What strikes me in all this is Apple’s opening textbook writing up to anyone with an iPad. My first thought was, fantastic! Then I kept reading and through your suggestions, Scott, I thought, why do great lessons need to be collated together in a textbook at all? I also have always had my own issues with not blanking when needing tools, videos, Xtool on the spot in a more unplanned lesson. So, why does there need to be this reliance on what comes up in the class either? (Ok, that’s an overstatement, but for my point, I’ll go with it) Why not have individual lessons, with content and language and all accompanying tools all put together as a ‘suggestion’ lesson in a bank somewhere with a bunch of other ‘suggestion’ lessons instead of either? It’s like the resources many of us already share on our blogs — one-off lesson ideas with no obligation to use the previous, next or lack of.

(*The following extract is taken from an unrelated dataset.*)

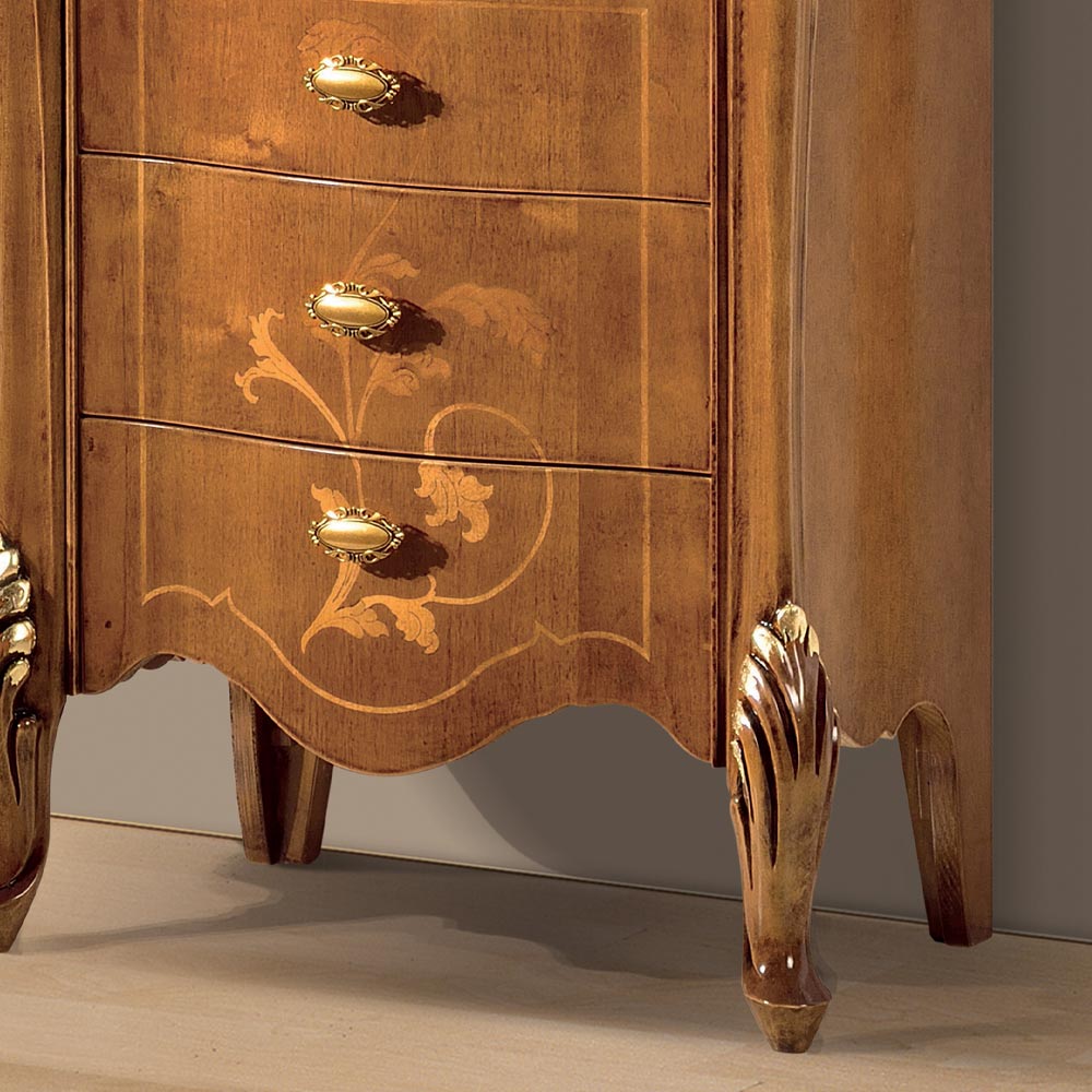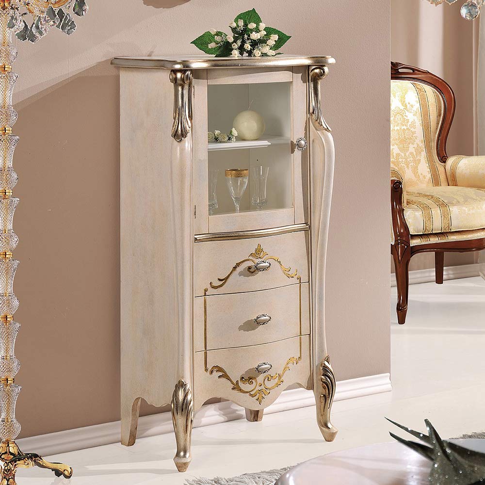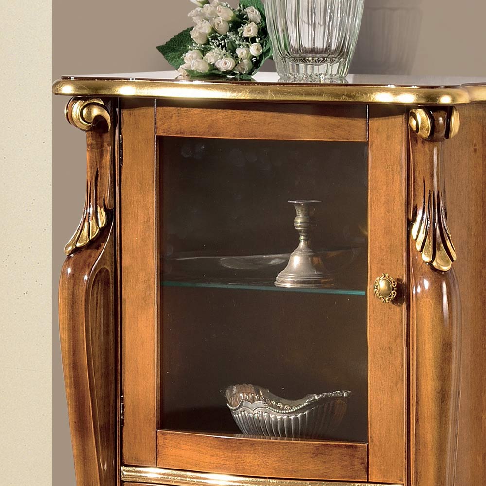 Vitrine für Wohnzimmer mit Struktur aus Holz und komplett mit Glastür und 3 praktischen Schubladen , die Ihr Wohnzimmer mit zeitloser Eleganz ausstatten. Erhältlich in zwei Varianten: Bassano-Nussbaum und Antikgold-Finish oder in Weiß und Silberholz . Eine einzigartige und raffinierte Ergänzung, die vollständig in Italien von erfahrenen Handwerksmeistern hergestellt wird, Meister der Kunst, die jede Ergänzung mit Weisheit und Geschmack für Eleganz vervollständigen. Die Produktion erfolgt unter Verwendung hochwertiger Materialien und mit der größten Sorgfalt und Professionalität, die die Produkte Made in Italyauszeichnet .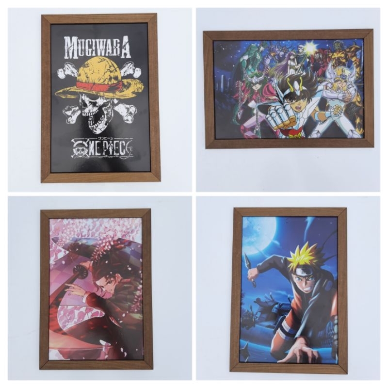 Kit 5 Quadros Decorativos Mix de Animes 9,5x14,5 Placa Decorativa Já Acompanha Dupla Face Naruto One Piece Dragon Ball HunterxHunter Demon slayer

Thanks for the tool suggestions too! You reminded me of phraseup, though for the second time in a row, it didn’t help me with higher-level sentences, but did a good job with “It’s * when you hit every red light.” 😉

30 01 2012
Scott Thornbury

Thanks, Tyson, for the comment – and it’s true that the tools are now available to create and (rapidly) access banks of individual lessons, just as it’s possible to find a recipe for just about anything (try googling ‘pan-fried platypus kidneys’ for instance). But I’m not sure if this would be such a good thing – wouldn’t it replace one kind of teacher addiction (i.e. on coursebooks) with another (i.e. on pret-a-porter lesson plans)? Perhaps a compromise is the idea of lesson ‘templates’ – i.e. generic lesson types that can accommodate a variety of topics and be adapted to a range of levels, while still allowing a high degree of autonomy on the part of the teacher and the learners?

31 01 2012
Tyson Seburn (@seburnt)

Yes, I see your point. Of course, when I suggest this type of bank, I’m also suggesting that a variety of content and contexts be available for a particular set of language outcomes. Maybe with a little push one way, and a more open-source approach to these lessons (though not complete autonomy perhaps), it would be better than trudging through a coursebook from start to finish. In the end, many teachers don’t want to be faced with complete autonomy in lesson planning. With little salary to back it up, lesson planning takes a lot of free time away from not only individual attention that could be given after hours, but also private life.

31 01 2012
Scott Thornbury

I agree, Tyson – anything to reduce the load on teachers – which is exactly the argument that proponents of coursebooks use. In the end there is always a trade-off between economy and autonomy. The freedom to negotiate your own curriculum comes at a cost. Nevertheless, the dividends – in terms of improved learner motivation and possible learning benefits – have tempted some teachers down that track.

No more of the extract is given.